DATA FOR THIS TASK: Begin
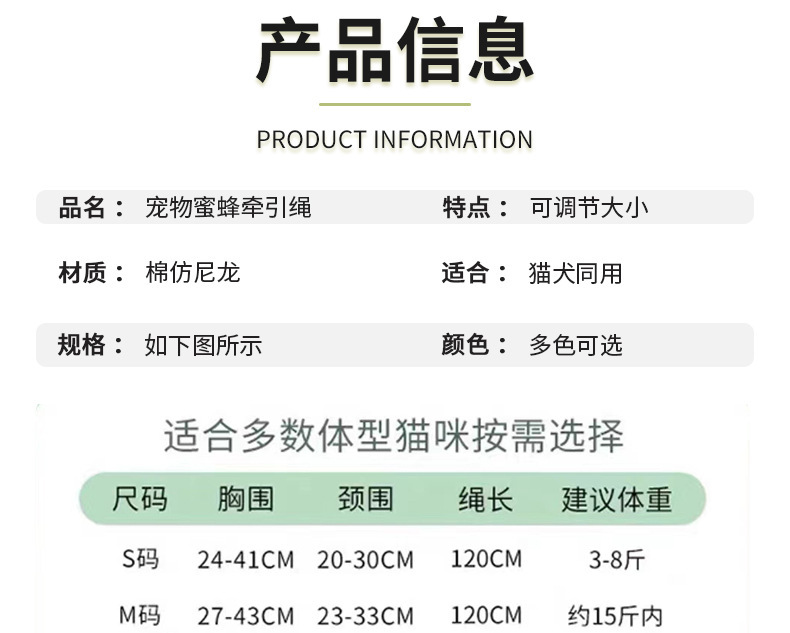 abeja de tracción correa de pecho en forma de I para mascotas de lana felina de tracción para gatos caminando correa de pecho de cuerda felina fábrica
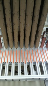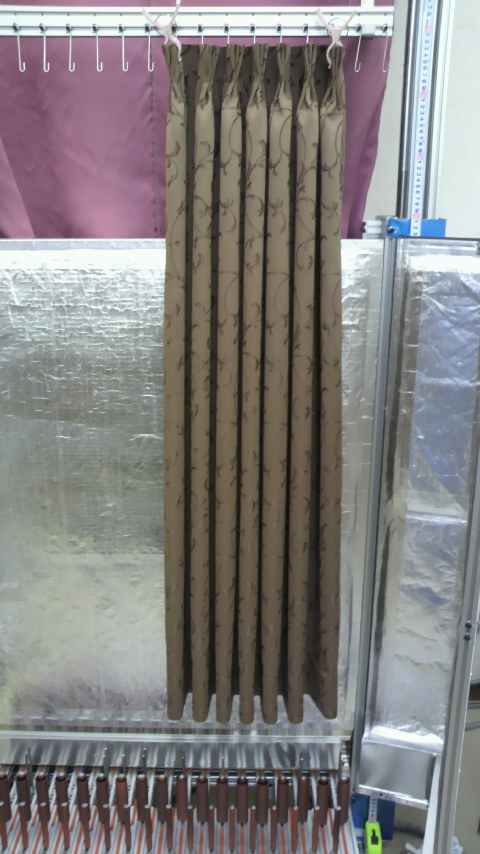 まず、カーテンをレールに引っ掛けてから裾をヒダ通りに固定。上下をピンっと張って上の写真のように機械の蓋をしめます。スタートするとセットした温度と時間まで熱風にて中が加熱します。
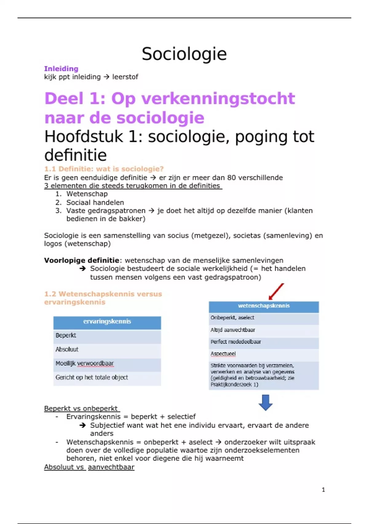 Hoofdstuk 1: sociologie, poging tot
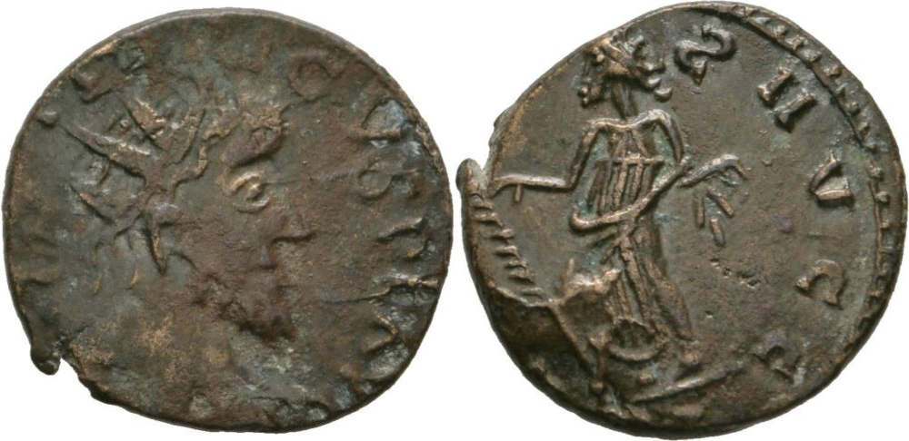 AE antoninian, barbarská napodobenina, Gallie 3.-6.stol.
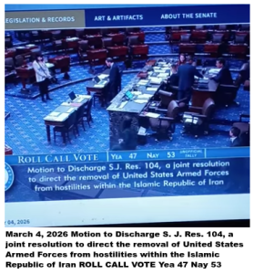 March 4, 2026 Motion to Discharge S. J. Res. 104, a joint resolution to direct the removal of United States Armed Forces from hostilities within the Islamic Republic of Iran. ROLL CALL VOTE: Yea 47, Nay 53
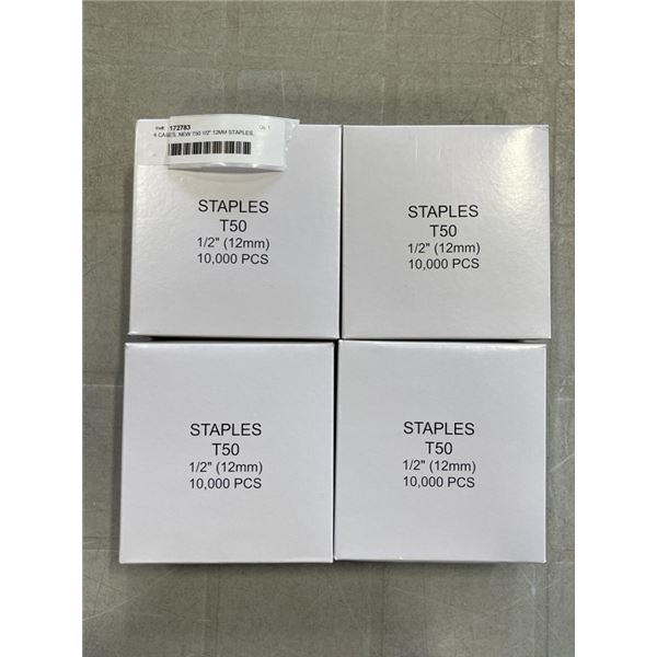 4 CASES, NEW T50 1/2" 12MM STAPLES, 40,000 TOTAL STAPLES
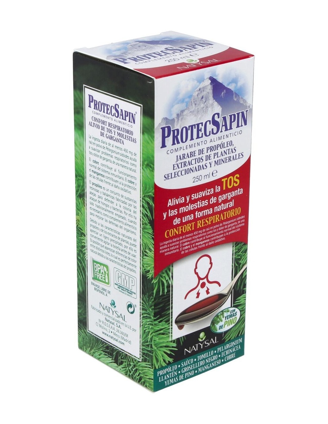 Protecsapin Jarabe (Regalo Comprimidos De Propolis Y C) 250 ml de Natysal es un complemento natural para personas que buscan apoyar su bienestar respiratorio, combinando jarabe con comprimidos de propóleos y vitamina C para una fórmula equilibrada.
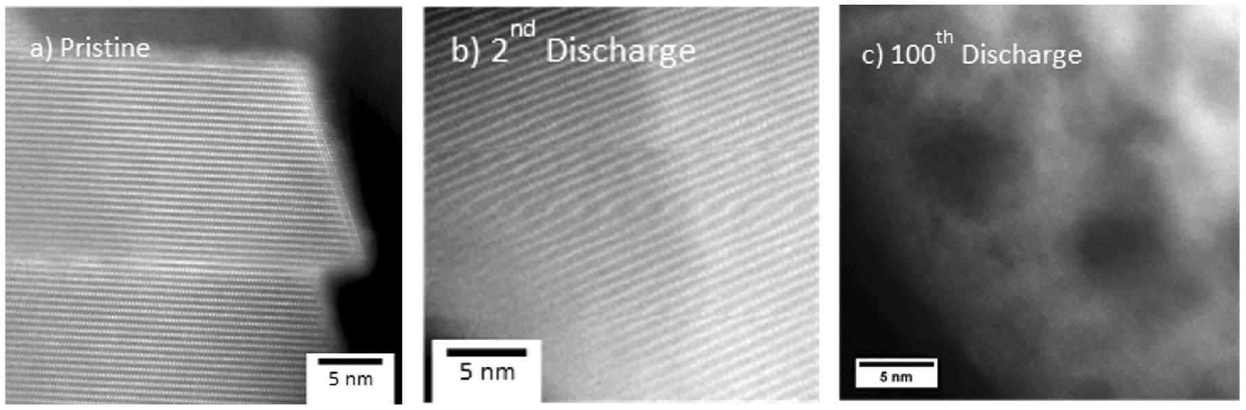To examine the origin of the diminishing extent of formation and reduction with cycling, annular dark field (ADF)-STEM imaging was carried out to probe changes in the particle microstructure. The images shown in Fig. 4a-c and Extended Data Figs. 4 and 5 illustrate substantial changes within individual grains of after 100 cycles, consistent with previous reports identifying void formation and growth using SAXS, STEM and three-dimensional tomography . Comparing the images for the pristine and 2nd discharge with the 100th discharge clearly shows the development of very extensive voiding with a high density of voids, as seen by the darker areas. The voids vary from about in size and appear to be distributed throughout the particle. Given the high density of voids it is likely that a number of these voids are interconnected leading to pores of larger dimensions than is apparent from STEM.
DATA FOR THIS TASK: End
The line containing "4 CASES, NEW" marks the end: copy exactly every line from the start of the records up to and including it, leaving out the pictures.

SOLUTION TO THIS EXERCISE.
 abeja de tracción correa de pecho en forma de I para mascotas de lana felina de tracción para gatos caminando correa de pecho de cuerda felina fábrica
 まず、カーテンをレールに引っ掛けてから裾をヒダ通りに固定。上下をピンっと張って上の写真のように機械の蓋をしめます。スタートするとセットした温度と時間まで熱風にて中が加熱します。
 Hoofdstuk 1: sociologie, poging tot
 AE antoninian, barbarská napodobenina, Gallie 3.-6.stol.
 March 4, 2026 Motion to Discharge S. J. Res. 104, a joint resolution to direct the removal of United States Armed Forces from hostilities within the Islamic Republic of Iran. ROLL CALL VOTE: Yea 47, Nay 53
 4 CASES, NEW T50 1/2" 12MM STAPLES, 40,000 TOTAL STAPLES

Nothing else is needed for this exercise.